On Boosting Spatial Data Management with Efficient Indexing Structures

Speaker: Dr. Victor WEI
         Department of Computing
         The Hong Kong Polytechnic University

Title:   "On Boosting Spatial Data Management with Efficient Indexing 

Date:    Friday, 7 January 2022

Time:    10:00am - 11:00am (Hong Kong Local Time)

Zoom link:

Meeting ID:     928 308 079
Passcode:       20220107


Due to the advance of geo-positioning technologies, spatial data including 
spatial trajectories, 3D terrain data and spatial networks, etc. becomes 
more and more popular and draws a lot of attention from both academia and 
industry. As such, the query processing in spatial data management becomes 
more and more important and finds wide applications in urban computing, 
smart cities, autonomous driving, etc.

One of the fundamental queries in spatial data management is the shortest 
distance and shortest path query. In this talk, I will present two 
research works on this fundamental query which boosts the query processing 
with efficient indexing structures. The first work tackles an emerging 
type of spatial data, namely 3D terrain surface. It proposes an indexing 
structure, namely a Distance Oracle, to efficiently index the pairwise 
distances among a set of points-of-interest on the terrain surface. The 
oracle answers the distance query by using a small set of pre-computed 
distances and utilizes a tree structure to boost the search on the 
pre-computed distances. Besides, it guarantees the error is bounded by a 
user-specified error parameter. The second one studies the dynamic road 
networks where the traffic information changes over time. It proposes an 
efficient indexing structure for the shortest distance and path queries on 
dynamic road networks. The indexing structure is based on auxiliary edges 
introduced to the network, namely shortcuts, which bridge distant vertices 
on the network to accelerate the query processing. In this work, we 
propose using a randomized algorithm to generate the shortcuts. As such, 
we obtain that it has small space consumption and query time and it could 
be updated efficiently in the perspective of both theory and practice.
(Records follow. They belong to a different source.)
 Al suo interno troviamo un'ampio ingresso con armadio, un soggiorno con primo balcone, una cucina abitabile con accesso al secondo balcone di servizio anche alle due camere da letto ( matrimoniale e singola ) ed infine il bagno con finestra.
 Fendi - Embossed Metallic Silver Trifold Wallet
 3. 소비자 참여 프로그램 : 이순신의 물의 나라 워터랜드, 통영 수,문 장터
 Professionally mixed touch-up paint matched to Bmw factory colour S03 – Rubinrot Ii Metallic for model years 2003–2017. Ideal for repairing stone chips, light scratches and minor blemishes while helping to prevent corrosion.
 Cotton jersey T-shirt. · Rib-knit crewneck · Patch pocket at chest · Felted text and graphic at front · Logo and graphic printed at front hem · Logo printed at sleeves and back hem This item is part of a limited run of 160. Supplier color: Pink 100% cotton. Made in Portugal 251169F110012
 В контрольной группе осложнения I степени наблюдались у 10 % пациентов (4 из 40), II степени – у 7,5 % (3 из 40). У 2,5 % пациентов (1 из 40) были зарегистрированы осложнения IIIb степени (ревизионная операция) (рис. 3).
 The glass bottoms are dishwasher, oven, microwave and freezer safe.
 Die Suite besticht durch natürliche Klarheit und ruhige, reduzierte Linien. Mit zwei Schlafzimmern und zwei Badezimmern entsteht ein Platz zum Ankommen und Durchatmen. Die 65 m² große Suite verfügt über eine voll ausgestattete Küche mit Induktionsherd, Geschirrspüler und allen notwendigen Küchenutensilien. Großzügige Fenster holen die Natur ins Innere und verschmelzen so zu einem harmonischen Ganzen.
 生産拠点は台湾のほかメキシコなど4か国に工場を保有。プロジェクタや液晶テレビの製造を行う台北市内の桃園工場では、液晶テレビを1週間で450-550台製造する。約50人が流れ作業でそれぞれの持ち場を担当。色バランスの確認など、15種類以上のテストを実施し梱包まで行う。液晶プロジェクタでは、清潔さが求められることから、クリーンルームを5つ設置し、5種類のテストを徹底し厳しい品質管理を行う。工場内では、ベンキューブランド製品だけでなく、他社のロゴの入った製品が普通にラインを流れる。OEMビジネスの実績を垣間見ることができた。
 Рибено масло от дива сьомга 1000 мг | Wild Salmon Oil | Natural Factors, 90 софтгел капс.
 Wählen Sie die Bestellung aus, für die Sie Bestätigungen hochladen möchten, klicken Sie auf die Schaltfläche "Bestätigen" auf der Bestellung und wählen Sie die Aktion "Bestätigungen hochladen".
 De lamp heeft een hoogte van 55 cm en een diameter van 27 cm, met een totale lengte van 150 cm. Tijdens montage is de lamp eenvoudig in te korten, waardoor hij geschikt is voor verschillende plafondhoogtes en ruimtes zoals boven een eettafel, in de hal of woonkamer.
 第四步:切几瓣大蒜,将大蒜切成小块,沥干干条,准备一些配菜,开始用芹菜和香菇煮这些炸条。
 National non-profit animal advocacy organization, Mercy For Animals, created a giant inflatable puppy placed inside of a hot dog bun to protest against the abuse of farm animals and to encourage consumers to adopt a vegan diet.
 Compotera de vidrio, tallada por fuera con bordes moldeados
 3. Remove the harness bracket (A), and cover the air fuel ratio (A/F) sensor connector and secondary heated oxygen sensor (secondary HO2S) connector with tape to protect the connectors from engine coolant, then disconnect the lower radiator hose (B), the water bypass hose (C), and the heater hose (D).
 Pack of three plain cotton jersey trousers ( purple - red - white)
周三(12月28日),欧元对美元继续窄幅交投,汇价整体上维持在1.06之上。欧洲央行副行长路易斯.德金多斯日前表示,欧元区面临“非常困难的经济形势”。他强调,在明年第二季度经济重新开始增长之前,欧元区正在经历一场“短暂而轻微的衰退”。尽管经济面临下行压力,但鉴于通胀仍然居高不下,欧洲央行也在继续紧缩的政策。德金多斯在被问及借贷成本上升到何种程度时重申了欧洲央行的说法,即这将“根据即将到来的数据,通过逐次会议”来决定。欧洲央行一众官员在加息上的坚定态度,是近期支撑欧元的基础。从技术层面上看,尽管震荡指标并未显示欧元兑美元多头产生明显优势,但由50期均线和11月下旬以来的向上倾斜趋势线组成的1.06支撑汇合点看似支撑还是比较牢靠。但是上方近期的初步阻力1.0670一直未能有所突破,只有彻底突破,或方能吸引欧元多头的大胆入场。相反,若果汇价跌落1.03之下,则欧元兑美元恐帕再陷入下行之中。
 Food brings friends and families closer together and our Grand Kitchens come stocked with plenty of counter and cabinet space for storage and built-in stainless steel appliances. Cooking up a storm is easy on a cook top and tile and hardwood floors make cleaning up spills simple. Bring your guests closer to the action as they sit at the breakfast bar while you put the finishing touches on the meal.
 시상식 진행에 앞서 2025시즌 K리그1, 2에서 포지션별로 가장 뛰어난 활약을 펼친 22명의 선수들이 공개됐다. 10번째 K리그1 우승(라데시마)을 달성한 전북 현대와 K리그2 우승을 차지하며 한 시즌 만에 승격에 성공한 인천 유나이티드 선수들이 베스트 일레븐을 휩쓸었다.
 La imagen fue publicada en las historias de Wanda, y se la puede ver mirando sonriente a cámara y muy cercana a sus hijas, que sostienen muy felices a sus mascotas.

Victor Junqiu Wei obtained his PhD degree from the Department of Computer 
Science and Engineering, the Hong Kong University of Science and 
Technology in 2018. From March 2018 to May 2018, he was a visiting student 
of Prof. Hanan Samet and Prof. David Mount at University of Maryland in 
the US. He obtained his bachelor degree from Nanjing University in 2013. 
He is currently working as a research assistant professor in the Hong Kong 
Polytechnic University (jointly Appointed by Department of Computing and 
Research Institute for Artificial Intelligence). Prior to this, he was an 
AI Researcher in Huawei Noah's Ark Lab. His research interests span 
spatial data management, graph data analytics, random sampling and deep 
neural networks. He received many honors and awards including the 
nomination of the Best Paper Award of SIGMOD 2020, Potentially High-Value 
Patent Award of Huawei, Future Star Award of Huawei, etc.